Consultoria critica estrutura de ações do Facebook
O Facebook diminui os direitos dos acionistas com a sua estrutura dupla de classe de ações e limita a responsabilidade do seu conselho de administração perante os investidores. A afirmação foi feita nesta segunda-feira pela consultoria Institutional Shareholder Services.

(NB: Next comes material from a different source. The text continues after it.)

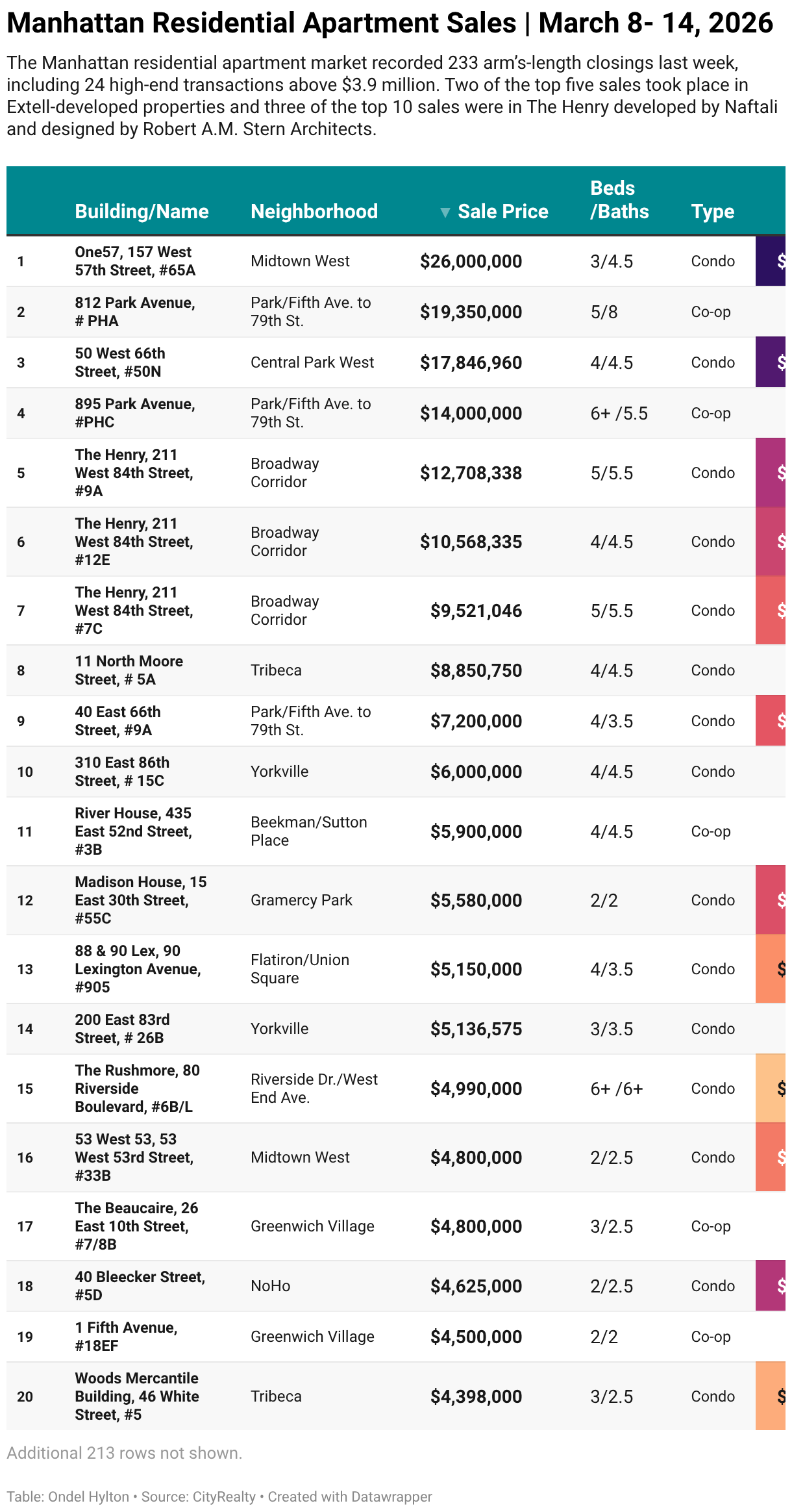 The Manhattan residential apartment market recorded 233 arm’s-length closings last week, including 24 high-end transactions above $3.9 million. Two of the top five sales took place in Extell-developed properties and three of the top 10 sales were in The Henry developed by Naftali and designed by Robert A.M. Stern Architects.

A crítica da governança corporativa do Facebook aparece no momento em que a rede social registrou pedido de oferta pública inicial de ações (IPO, na sigla em inglês), em 1° de fevereiro. Estruturas de governança corporativa como a do Facebook - similar à da Zynga ou do LinkedIn - irão limitar os direitos dos acionistas e causar problemas se a companhia decidir em algum momento mudar sua estrutura, disse o ISS em um relatório de quatro páginas.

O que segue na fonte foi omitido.